Эту потребность размышлять об истоках культуры остро ощущали художники других направлений. Примитивизм был одним из корневых проектов модернизма. Но так как архитектура является в высшей степени «фабрикуемым» искусством, весьма зависимым от общественного мнения, жажда примитивного и хтонического редко проявлялась в какой-нибудь постройке. Архитекторы могли рассуждать о примитивизме, как Вальтер Гропиус говорил о народных бревенчатых срубах в немецких лесах, но разве что рассуждать, а не строить. Гауди, заручившийся поддержкой Эусеби Гюэля (так сказать, короля Людвига торговой Каталонии), был исключением. Конечно, и его архитектура — тоже «сфабрикованная», но в другом смысле. Он проделывал фантастические, сложнейшие вычисления, передовые для своего времени, оставляющие далеко позади нормальные инженерные расчеты, чтобы создать нечто, что обычные каменщики могли построить из камня и кирпича, что исключало бы стальной каркас и напоминало бы XIll век. Более того, он делал все это для крупнейшего производителя бетона и одного из главных капиталистов Испании. Часовней Гюэль Гауди хотел не только напомнить об участии Господа в евхаристии (хлеб и вино — тело и кровь Христовы), но и о пещерах средневековья и о готическом прошлом.

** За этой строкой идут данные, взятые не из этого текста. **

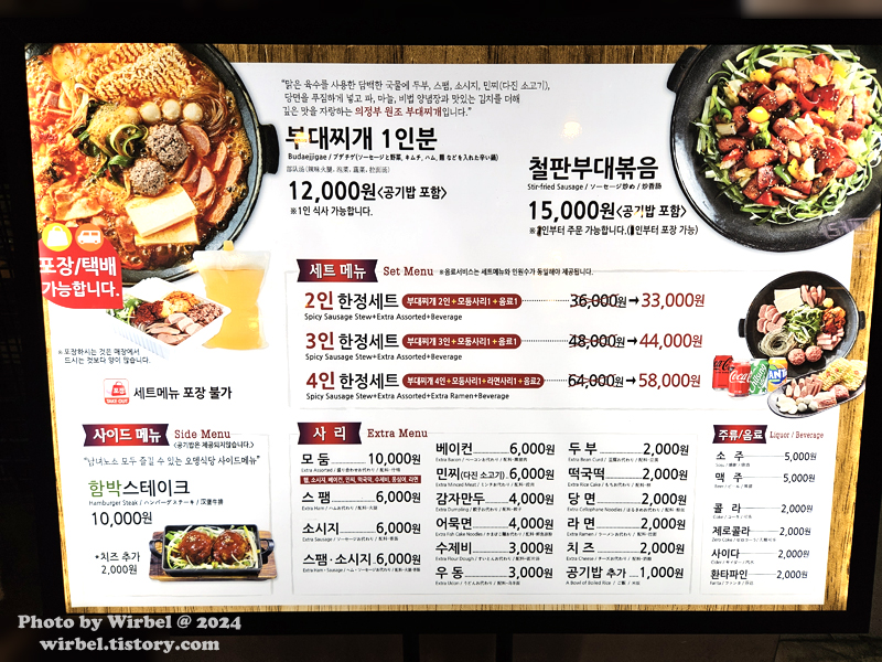 한줄평: 잠실 롯데월드몰에서 부대찌개 먹을 수 있는 곳! 방문 시기: 2024년 5월 이날 가격: 24,000원 시그니처 메뉴: 부대찌개 재방문의사: 롯데월드몰에서 부대찌개 먹고 싶을 때 |
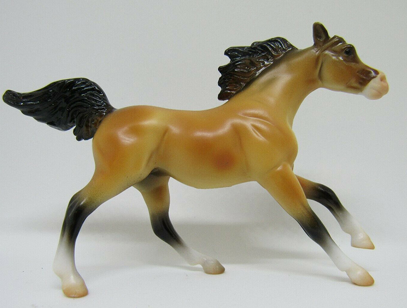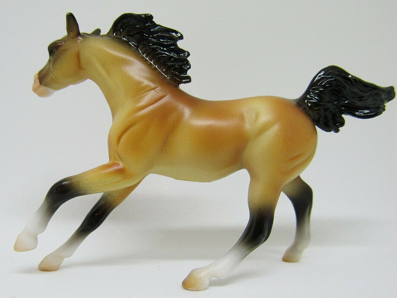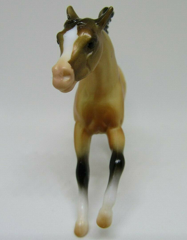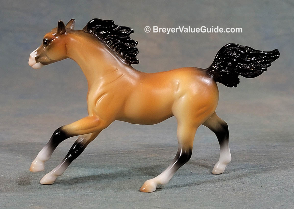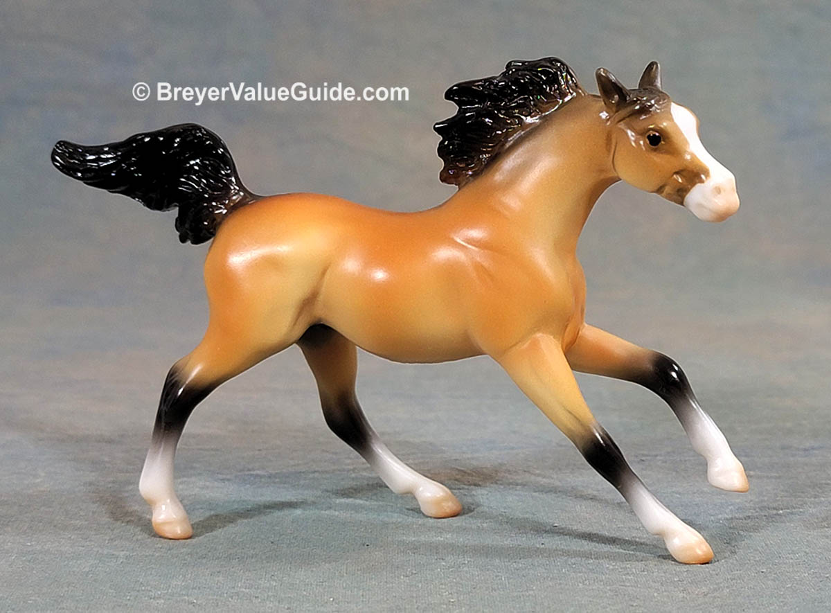 Matte sandy bay; black points; wide blaze; white muzzle; 4 socks
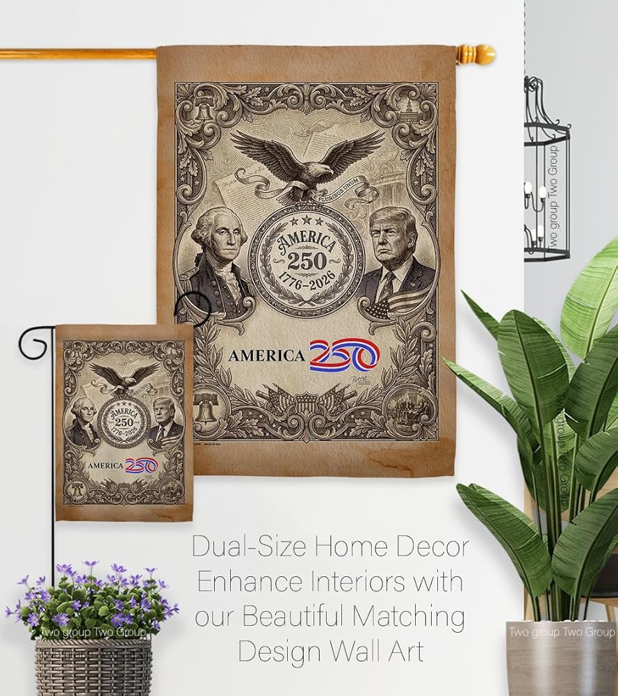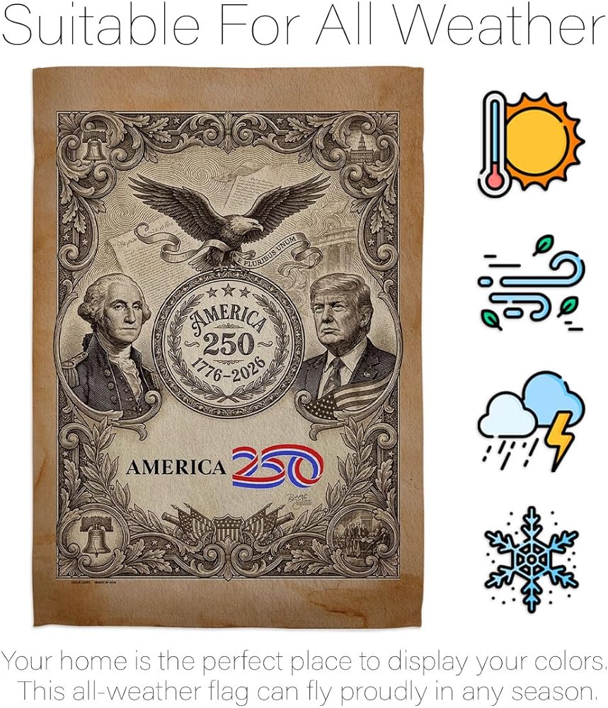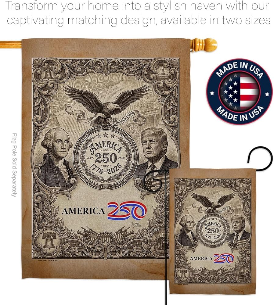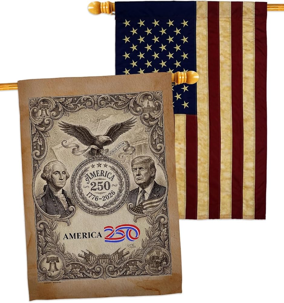 America 250 Trump Flag Tribute Vintage American Flags for Outside House Banner Pack Official Licensed Merchandise Wall Decor Canvas Print Textile Woven Tapestry USA 250th Anniversary Decoration Gift
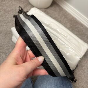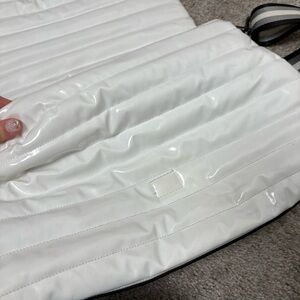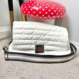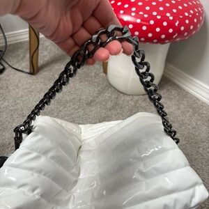 Chain top handle with optional striped strap that adjusts height can switch from either. Puffer white material. Snap pocket in the back. Inside has a zip pocket and tons of storage. Minimal useage and wear. Wear as shoulder or crossbody. Great condition!

Использованная для этого образность проста. Главные колонны похожи на трубы органа, они из грубого черного базальта и привезены из каменоломни Кастельфоллит, неподалеку от Жероны. Гауди поставил эти массивные каменные кристаллы, шестиугольные в сечении, на свинцовые «подкладки». Они символизируют собой столпы вулканического происхождения, доготические, даже дороманские, уход в культуру старой Каталонии, к церкви-пещере, где христиане скрываются от мавров, или, если смотреть шире, вообще от ереси. Если бы часовню достроили такой, какой ее видел Гауди, этот образ подземного убежища истины, которой что-то угрожает, был бы еще более ярким.
В планировке сводов и стен все основано на любимой геометрической фигуре Гауди, на гиперболическом параболоиде, и эта форма впервые появляется в его работах именно здесь. Все очень традиционно: пологие каталонские своды и диафрагмальные гурты, отсылающие нас к готическим постройкам. Отсюда впечатление древнего здания, которое деформировали. Пространство как бы вплывает в часовню Гюэль, гуляет вдоль стен, расширяется и сокращается. дышит, заставляет посетителя чувствовать себя Ионой в чреве кирпичного кита.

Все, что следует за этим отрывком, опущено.